Top of TASK INPUTS

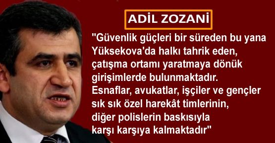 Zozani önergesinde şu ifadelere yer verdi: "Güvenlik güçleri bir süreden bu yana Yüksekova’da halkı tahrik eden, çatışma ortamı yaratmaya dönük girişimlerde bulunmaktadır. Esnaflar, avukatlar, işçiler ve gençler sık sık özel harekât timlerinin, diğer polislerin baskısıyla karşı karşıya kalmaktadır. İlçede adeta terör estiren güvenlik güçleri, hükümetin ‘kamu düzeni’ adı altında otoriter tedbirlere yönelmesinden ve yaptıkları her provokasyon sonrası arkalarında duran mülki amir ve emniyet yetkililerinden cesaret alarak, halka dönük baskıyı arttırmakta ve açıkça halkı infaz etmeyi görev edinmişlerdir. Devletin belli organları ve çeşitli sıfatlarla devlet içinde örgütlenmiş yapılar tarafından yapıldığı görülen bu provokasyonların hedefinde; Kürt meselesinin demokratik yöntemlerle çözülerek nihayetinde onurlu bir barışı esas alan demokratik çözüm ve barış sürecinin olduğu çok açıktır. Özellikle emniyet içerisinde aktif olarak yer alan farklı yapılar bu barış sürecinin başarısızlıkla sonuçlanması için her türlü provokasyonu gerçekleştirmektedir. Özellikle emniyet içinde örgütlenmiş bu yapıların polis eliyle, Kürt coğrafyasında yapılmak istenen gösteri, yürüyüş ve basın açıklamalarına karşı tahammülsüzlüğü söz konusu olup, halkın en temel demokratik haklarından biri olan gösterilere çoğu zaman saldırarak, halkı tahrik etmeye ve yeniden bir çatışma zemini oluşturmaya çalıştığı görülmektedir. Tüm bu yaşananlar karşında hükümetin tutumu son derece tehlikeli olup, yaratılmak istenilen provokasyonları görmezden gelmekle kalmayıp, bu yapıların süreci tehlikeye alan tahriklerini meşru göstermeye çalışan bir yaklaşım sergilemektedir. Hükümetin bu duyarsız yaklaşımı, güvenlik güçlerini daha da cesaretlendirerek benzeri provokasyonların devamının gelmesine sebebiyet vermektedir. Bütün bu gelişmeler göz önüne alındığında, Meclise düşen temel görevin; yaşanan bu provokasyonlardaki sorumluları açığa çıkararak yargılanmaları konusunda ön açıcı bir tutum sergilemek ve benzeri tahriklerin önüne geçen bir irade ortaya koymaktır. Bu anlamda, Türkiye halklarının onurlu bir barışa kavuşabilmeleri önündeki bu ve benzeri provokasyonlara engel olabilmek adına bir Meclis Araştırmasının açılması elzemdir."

Bottom of TASK INPUTS
Top of TASK INPUTS

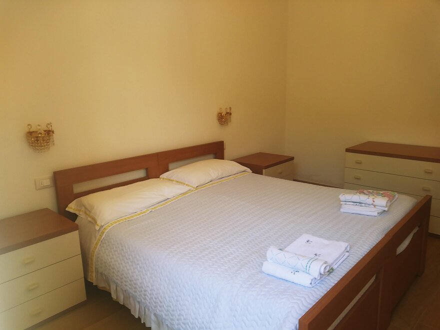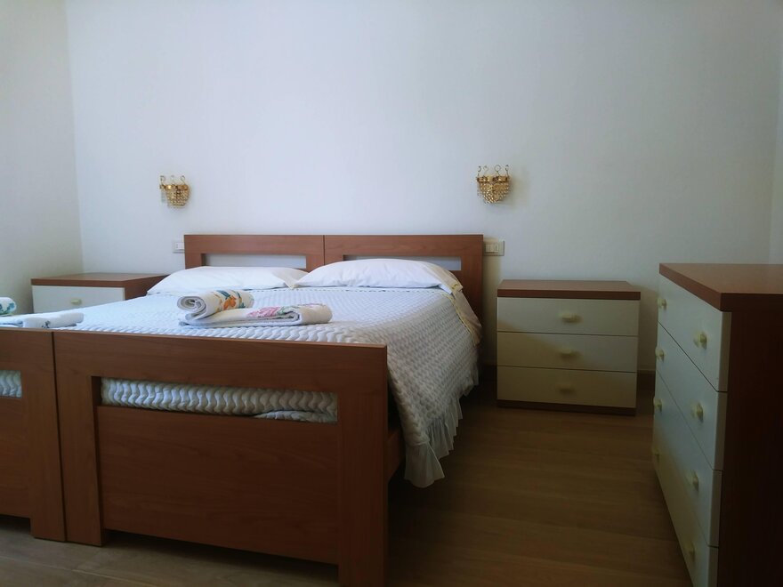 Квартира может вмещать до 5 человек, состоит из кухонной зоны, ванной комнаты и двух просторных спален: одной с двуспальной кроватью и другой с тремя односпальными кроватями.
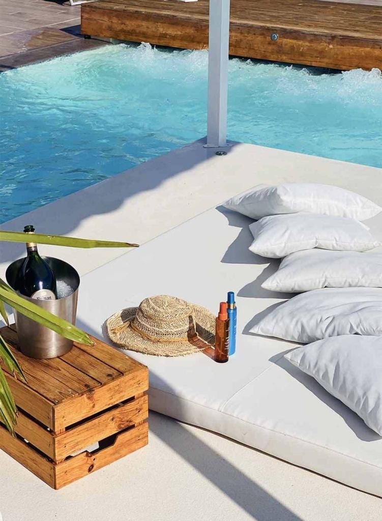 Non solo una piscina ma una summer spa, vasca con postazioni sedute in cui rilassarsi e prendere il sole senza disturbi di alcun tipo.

Bottom of TASK INPUTS
Top of TASK INPUTS

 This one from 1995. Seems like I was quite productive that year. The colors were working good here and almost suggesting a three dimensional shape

Bottom of TASK INPUTS

▶ **YOUR OBJECTIVE**: From the records above, transcribe exactly the lines starting at the one containing "Квартира может вмещать" and ending at the one containing "Non solo una". Skip the pictures.

▶ **RESPONSE AREA**:
 Квартира может вмещать до 5 человек, состоит из кухонной зоны, ванной комнаты и двух просторных спален: одной с двуспальной кроватью и другой с тремя односпальными кроватями.
 Non solo una piscina ma una summer spa, vasca con postazioni sedute in cui rilassarsi e prendere il sole senza disturbi di alcun tipo.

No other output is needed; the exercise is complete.